A sa mort, quasiment l’ensemble de la mouvance nationaliste lui a rendu hommage (les différentes générations du GUD, des camarades d’Occident et Ordre Nouveau, les gens du GRECE et de la Nouvelle Droite, les anciens du FN et du PFN, mais aussi les jeunes nationalistes) … sans surprise seul Christian Bouchet s’est fendu d’une petite réaction désagréable comme il en a le secret : «  J’apprends à l’instant le décès de Jack Marchal, à l’âge de 76 ans. Ce n’était pas un "des nôtres", il était beaucoup plus modéré que nous et militait dans des groupes que nous considérions comme "réacs" ».

REFLEXes

Notes

[1Livre retraçant l’histoire des étudiants nationalistes des années 60 au milieu des années 90. Les Rats Maudits, Ed. des Monts d’Arrée 1995

[2Durant l’année 67-68, il se retrouve dans le même TD de sociologie que Daniel Cohn Bendit.

[3Il s’agit là des propos de Jack Marchal.

[4A l’époque on parle de Groupe Union Droit. C’est quelques années plus tard que l’acronyme GUD signifiera Groupe Union Défense.

[5Ancien de la Fédération des Etudiants de France, puis membre d’Occident, il sera par la suite le chef du GUD, d’Ordre Nouveau et participera à la fondation du Front National. Suite aux dissensions avec Jean-Marie Le Pen il part fonder avec une partie de l’équipe d’Ordre Nouveau le Parti des Forces Nouvelles au milieu des années 70. Au début des années 80 il rejoint la droite libérale et le RPR, après un passage au Centre National des Indépendants et Paysans comme beaucoup d’anciens de la mouvance. Proche de Charles Pasqua il participe à la fondation du Rassemblement pour La France. Membre de l’UMP en 2002, il rejoint naturellement les Républicains en 2015. Comme en témoigne la préface qu’il signe pour le livre Ordre Nouveau 1969-1973, raconté par ses militants éd. Synthèse Nationale 2019, « nous nous revoyons toujours avec joie, plaisir, complicité…on ne peut s’empêcher, lorsque nous nous croisons, d’avoir le clin d’œil complice de ceux qui ne regrettent rien ».

[6Ordre Nouveau 1969-1973, raconté par ses militants éd.
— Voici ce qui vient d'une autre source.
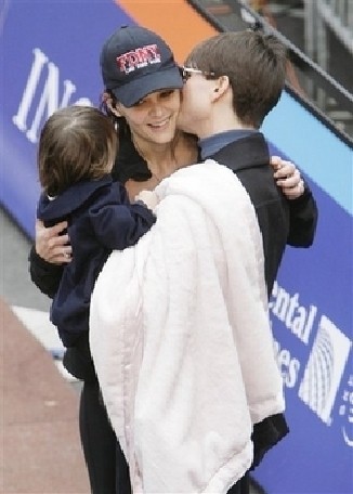 Tom Cruise (R) and his child Suri greet Katie Holmes as she finishes the New York City Marathon in New York, Sunday, November 4, 2007. [Agencies]

Synthèse Nationale 2019, p.22

[7Ancien dirigeant d’Occident et diplômé des Beaux-Arts.

[8La BD a été publiée à l’origine dans le Journal de Tintin.

[9Propos de Jack Marchal dans Devenir numéro 13, revue nationaliste belge.

[10Et donc éviter un motif de dissolution du GUD.

[11Le personnage du Rat Noir sera présent dans les pages de revues nationalistes comme El Cadenzo (Espagne), La Voz de la Rata Negra (Espagne) et Rat Noir (Suisse).

[12Il racontera plus tard qu’il était conscient que l’expérience était vouée à l’échec.

[13Le PFN a souvent été accusé par Jean-Marie Le Pen et certains membres du FN d’avoir touché de l’argent de la droite libérale.

[14Des membres du GUD au début des années 1980 formeront un groupe et sortiront un 45t, mais Marchal n’aura aucun lien avec cette expérience.

[15Emission de la radio numérique d’extrême droite Méridien Zéro du 15 avril 2012.